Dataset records
━━━

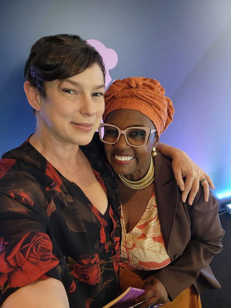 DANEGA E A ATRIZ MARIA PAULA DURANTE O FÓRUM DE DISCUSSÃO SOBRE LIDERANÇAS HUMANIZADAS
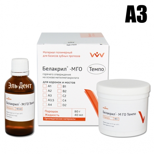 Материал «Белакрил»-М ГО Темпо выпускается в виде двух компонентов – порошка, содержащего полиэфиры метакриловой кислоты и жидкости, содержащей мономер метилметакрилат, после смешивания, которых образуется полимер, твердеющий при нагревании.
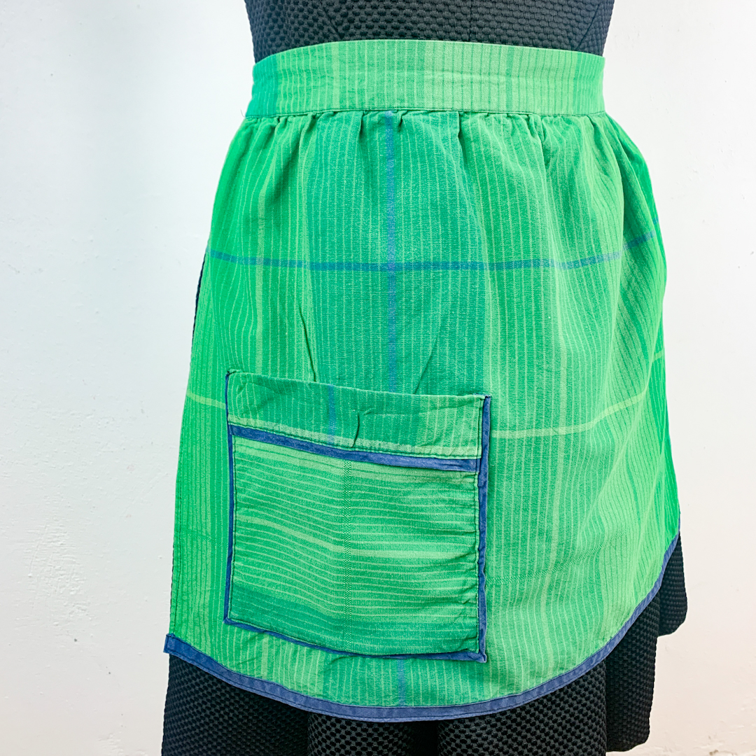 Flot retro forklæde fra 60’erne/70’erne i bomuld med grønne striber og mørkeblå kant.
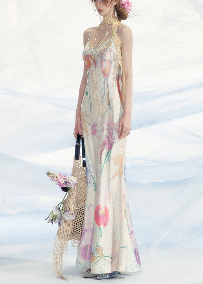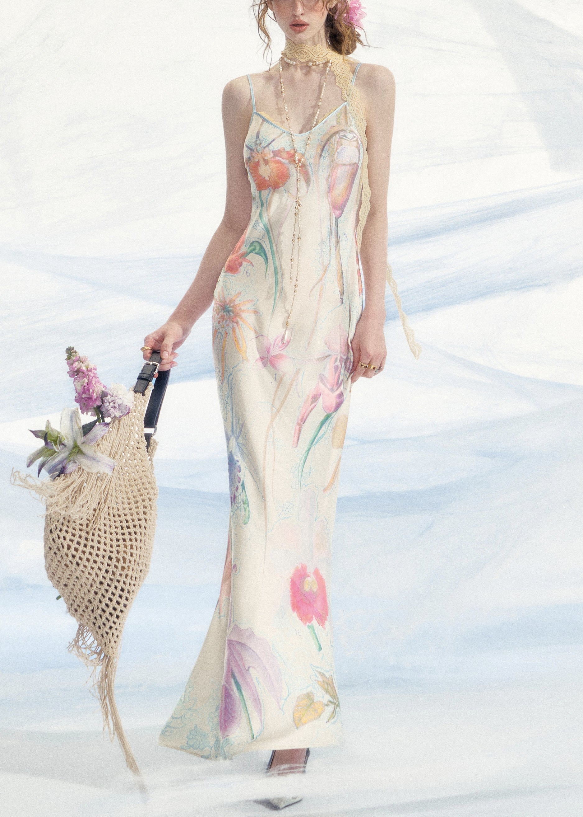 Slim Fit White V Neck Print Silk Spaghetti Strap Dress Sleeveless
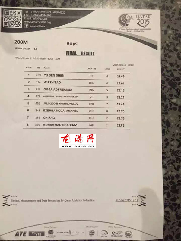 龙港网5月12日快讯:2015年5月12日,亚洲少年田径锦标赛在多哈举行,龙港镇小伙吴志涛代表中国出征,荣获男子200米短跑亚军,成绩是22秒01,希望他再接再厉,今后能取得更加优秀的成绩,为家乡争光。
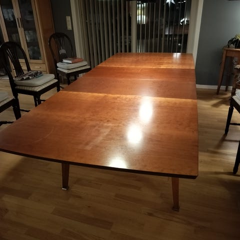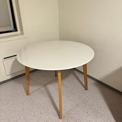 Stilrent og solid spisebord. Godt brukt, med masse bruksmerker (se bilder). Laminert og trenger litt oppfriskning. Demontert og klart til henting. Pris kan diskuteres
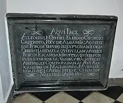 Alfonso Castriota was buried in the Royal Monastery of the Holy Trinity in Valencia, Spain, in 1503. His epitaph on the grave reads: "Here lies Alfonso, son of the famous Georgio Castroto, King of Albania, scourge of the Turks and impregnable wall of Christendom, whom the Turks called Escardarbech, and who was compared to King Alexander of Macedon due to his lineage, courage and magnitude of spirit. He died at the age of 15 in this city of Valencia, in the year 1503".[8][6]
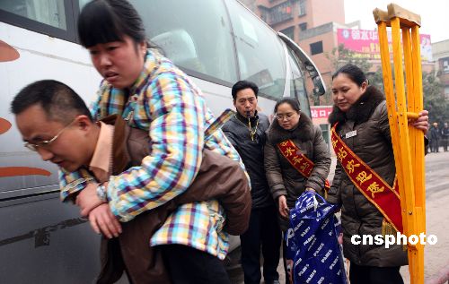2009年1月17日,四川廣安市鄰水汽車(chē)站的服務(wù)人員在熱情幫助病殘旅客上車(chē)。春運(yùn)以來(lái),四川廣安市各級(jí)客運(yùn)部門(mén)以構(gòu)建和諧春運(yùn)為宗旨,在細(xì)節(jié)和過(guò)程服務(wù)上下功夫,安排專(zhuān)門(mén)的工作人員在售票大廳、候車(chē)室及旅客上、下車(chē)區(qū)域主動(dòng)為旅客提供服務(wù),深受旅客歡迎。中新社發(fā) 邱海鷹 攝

━━━

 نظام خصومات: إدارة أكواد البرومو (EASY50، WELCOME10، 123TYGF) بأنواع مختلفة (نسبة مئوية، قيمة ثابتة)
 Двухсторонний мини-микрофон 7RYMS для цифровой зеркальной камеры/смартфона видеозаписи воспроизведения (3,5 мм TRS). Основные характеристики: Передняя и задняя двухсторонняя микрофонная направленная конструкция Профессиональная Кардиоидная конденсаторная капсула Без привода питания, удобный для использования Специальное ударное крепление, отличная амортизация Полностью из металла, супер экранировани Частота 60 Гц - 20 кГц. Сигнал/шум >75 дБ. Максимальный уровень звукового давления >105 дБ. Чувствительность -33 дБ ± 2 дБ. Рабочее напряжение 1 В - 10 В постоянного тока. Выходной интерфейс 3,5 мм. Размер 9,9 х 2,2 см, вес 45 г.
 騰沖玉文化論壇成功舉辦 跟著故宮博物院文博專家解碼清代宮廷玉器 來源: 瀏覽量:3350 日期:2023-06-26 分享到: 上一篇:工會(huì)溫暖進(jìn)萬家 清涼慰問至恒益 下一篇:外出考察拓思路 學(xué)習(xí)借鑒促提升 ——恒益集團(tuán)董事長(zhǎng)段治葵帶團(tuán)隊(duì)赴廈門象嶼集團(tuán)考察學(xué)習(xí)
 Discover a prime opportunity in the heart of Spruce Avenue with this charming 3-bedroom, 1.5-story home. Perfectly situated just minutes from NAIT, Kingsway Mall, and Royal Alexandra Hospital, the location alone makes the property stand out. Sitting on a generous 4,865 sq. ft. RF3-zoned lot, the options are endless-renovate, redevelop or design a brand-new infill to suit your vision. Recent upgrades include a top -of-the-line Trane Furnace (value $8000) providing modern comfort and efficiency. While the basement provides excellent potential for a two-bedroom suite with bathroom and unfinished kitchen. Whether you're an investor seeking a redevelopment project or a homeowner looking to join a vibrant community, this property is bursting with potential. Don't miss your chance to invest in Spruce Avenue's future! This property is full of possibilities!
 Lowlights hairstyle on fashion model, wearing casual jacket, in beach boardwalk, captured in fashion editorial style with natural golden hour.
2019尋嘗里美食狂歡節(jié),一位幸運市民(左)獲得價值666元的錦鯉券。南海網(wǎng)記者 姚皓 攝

━━━

Could you output exactly the lines above, from the line with "DANEGA E A ATRIZ" up to and including the line with "Stilrent og solid", and nothing else, skipping the pictures?

- [Response box]
 DANEGA E A ATRIZ MARIA PAULA DURANTE O FÓRUM DE DISCUSSÃO SOBRE LIDERANÇAS HUMANIZADAS
 Материал «Белакрил»-М ГО Темпо выпускается в виде двух компонентов – порошка, содержащего полиэфиры метакриловой кислоты и жидкости, содержащей мономер метилметакрилат, после смешивания, которых образуется полимер, твердеющий при нагревании.
 Flot retro forklæde fra 60’erne/70’erne i bomuld med grønne striber og mørkeblå kant.
 Slim Fit White V Neck Print Silk Spaghetti Strap Dress Sleeveless
 龙港网5月12日快讯:2015年5月12日,亚洲少年田径锦标赛在多哈举行,龙港镇小伙吴志涛代表中国出征,荣获男子200米短跑亚军,成绩是22秒01,希望他再接再厉,今后能取得更加优秀的成绩,为家乡争光。
 Stilrent og solid spisebord. Godt brukt, med masse bruksmerker (se bilder). Laminert og trenger litt oppfriskning. Demontert og klart til henting. Pris kan diskuteres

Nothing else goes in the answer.